The study team hired community healthcare representatives to collect the data, a process that was made transparent. “We jumped on the radio to answer community questions,” he said, adding that they also worked with local youth and artists, to co-develop educational knowledge translation materials, which were culturally relevant to the communities.

Amy Cardinal-Christianson, Indigenous Fire Specialist at the Parks Canada Agency, offered a set of personal insights to improve the experience of federal Indigenous employees, as well as how to respectfully and thoughtfully work with Indigenous communities and people:

  • Ensure elders are paid for their time and involvement, as well as supporting them with the courtesy of helping to fill out honorarium invoices.
  • Hire Indigenous staff in cohorts that can collaborate and support one another.

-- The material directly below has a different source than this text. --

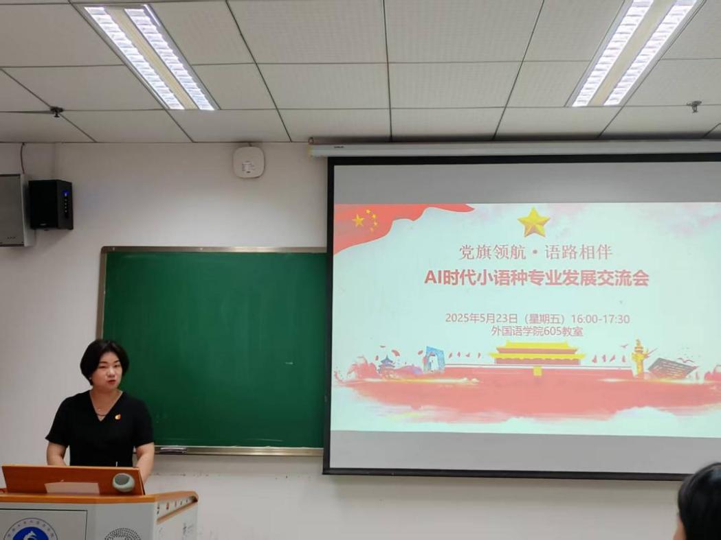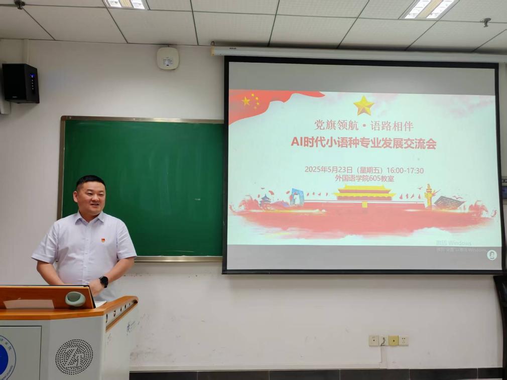 2025年5月23日下午4时,由best365英国在线体育官网小语种硕士生党支部牵头组织的“党旗领航·语路相伴”AI时代小语种专业发展交流会成功举办。交流会由小语种硕士生党支部书记卢昱安主持,学院党委书记严怡,党委副书记纪委书记梅胜利,小语种硕士生支部党员和本科小语种专业党员及入党积极分子共同参与了此次活动。

This approach prevents burn-out, which can happen when there are few Indigenous federal staff in relationship-building, committees, and other reconciliation activities.
  • Extend funding commitments beyond five years, which is necessary to build and maintain long-term relationships with Indigenous communities.  
  • Create long-term Indigenous advisory committees, to evaluate and approve Indigenous programs and funding, rather than leaving this responsibility with non-Indigenous public servants.

New research, scoring aquatic research and monitoring in Canada on its engagement with Indigenous communities — including levels and quality of Indigenous participation — builds on work in the area of “ethical space.” According to Steven Alexander, Science Advisor, Department of Fisheries and Oceans Canada, ethical space is “an emerging practice that enables respectful engagement between and amongst indigenous people's, non-indigenous peoples and the natural world, and is a potentially transformative approach to working across multiple ways of knowing.”

He added that success does not always follow directly from best practices, but Alexander insisted that continued practice, and being attuned to context, hones and improves any skill.

Kyle Bobiwash, from the Office of the Chief Science Advisor at the University of Manitoba, asked the audience to consider how we think about Indigenous science and relationships with nature.

“The publish-or-perish model that we’ve all been living in, that's probably antiquated and not going to do the job,” he said. “But this publish-and-flourish model — where we’re promoting collaboration and making sure that marginalised and non-represented people are involved — it has the elements that are going to drive true change and potentially the reconciliation we want.”